A small battle may easily resemble a great battle in partial outlines. Thus it happened that Breckinridge's attack on Williams, at Baton Rouge, was marked by features resembling somewhat Albert Sidney Johnston's surprise of Grant at Shiloh. It was about 4:30 a. m. when each of the Confederate armies burst into attack. At Shiloh the Federals were driven pell-mell by our troops from camp to camp, as at Baton Rouge they were forced back by us from encampment to encampment. At Shiloh the camps were mostly in the woods; at Baton Rouge they were mostly in the suburbs of the town. At Shiloh the nearest camp to the Tennessee was that in which Prentiss and his fighting brigade were captured; at Baton Rouge the last encampment through which the enemy was driven was near to the Mississippi. It was a mere difference of entourage. From both rivers, danger, before the fight was on, had vaguely threatened. In the Tennessee had been gunboats, waiting to bite; in the Mississippi were other gunboats, now biting hard!

It was now 10 a. m. Beauregard, at Corinth, had satirically asked Lovell, regarding Vicksburg: ‘Will the Arkansas also be just one week too late, like the Mississippi?’ Breckinridge, never ceasing to vex, was hard at work putting the same query to himself.
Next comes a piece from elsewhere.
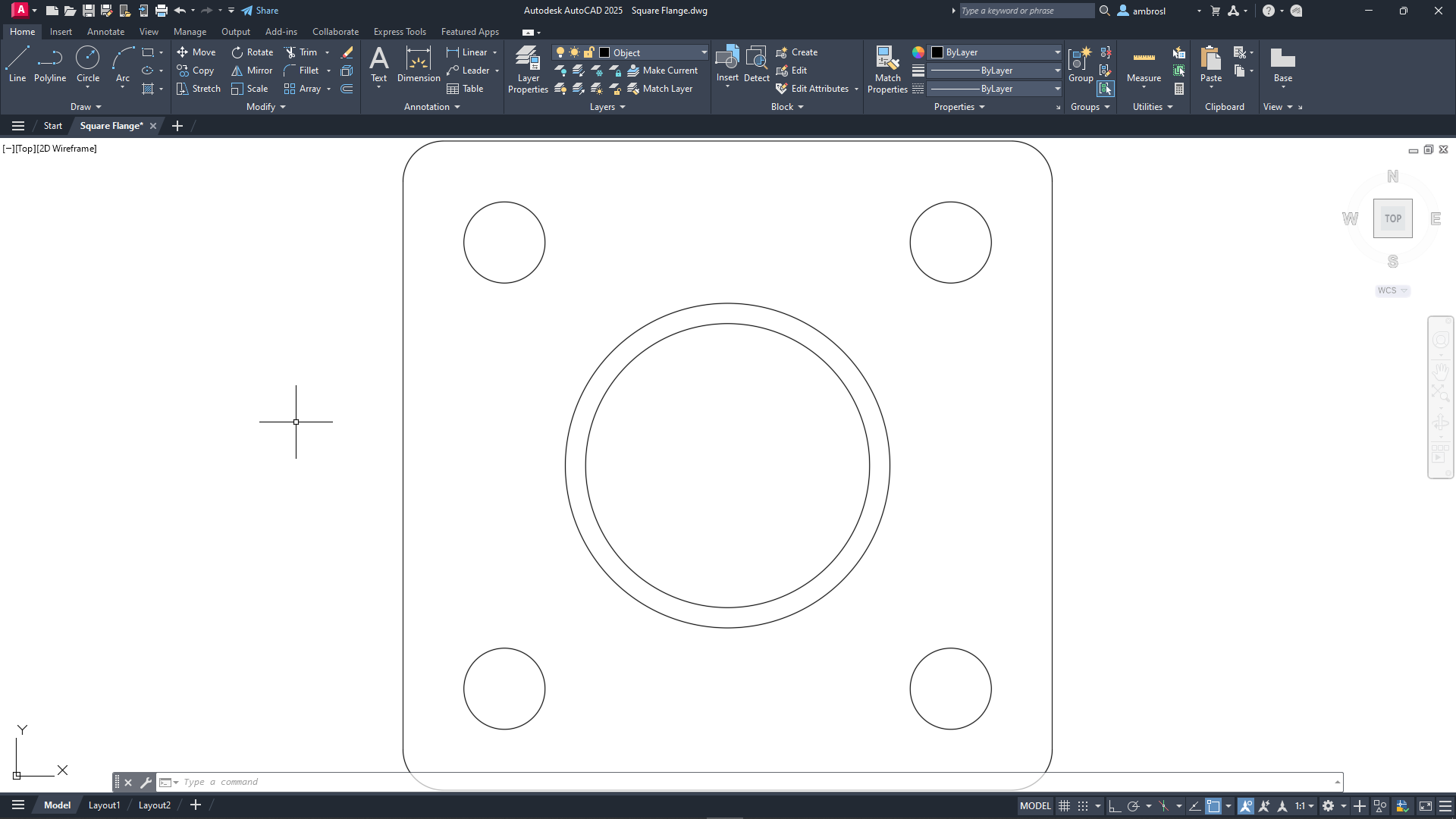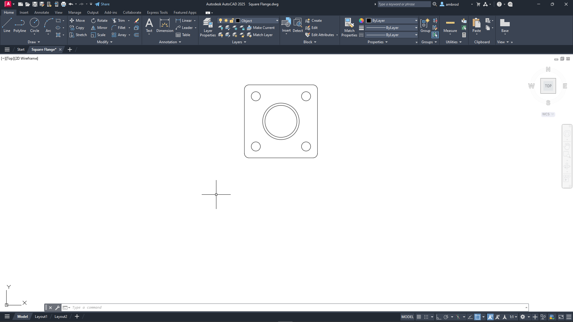 A new drawing file is created and named Square Flange in the Documents folder. Make sure you continue with this file for the remainder of the exercises.

He knew that the Arkansas had failed at the heroic rendezvous. Why had [71] she failed? It was a new and perplexing variant of the old theme. Not until 4 p. m. did he learn, by express, the grim truth. Before daylight, and within four miles of Baton Rouge, ‘the machinery of the Arkansas had become disabled and she lay helpless on the right bank of the river.’ Machinery too easily disabled, as in the Arkansas; motive power insufficient, as in the Louisiana! War vessels built in the ship-yards of the Confederacy were strong as iron could make them; yet structural defects—the fruit of inexperience and want of facilities in naval construction—often proved them, on trial, weak like cockle-shells. Some of these vessels, whose glory will not be forgotten, made history singly against fleets—the Virginia, on Hampton Roads; the Manassas, at Fort Jackson; the Arkansas, at Vicksburg; the Tennessee, in Mobile bay.

Breckinridge regretted only the failure of the Arkansas as an ally. He said: ‘It was now ten o'clock; we had listened in vain for the guns of the Arkansas. I saw around me not more than 1,000 exhausted men, who had been unable to procure water since we left the Comite river. The enemy had several batteries commanding the approaches to the arsenal and barracks and the gunboats had already reopened upon us with a direct fire. Under these circumstances, although the troops showed the utmost indifference to danger and death, were even reluctant to return, I did not deem it prudent to pursue the victory further. Having scarcely any transportation I ordered all the camps and stores of the enemy to be destroyed, and directing Captain Buckner to place one section of Semmes' battery, supported by the Seventh Kentucky, in a certain position on the field, withdrew the rest of the troops about one mile, to Ward's creek, with the hope of obtaining water. Finding none there fit for man or beast, I moved the command back to the field of battle, and procured a very imperfect supply from some cisterns in the suburbs of the town. This position we occupied for the rest of the day.’ [72]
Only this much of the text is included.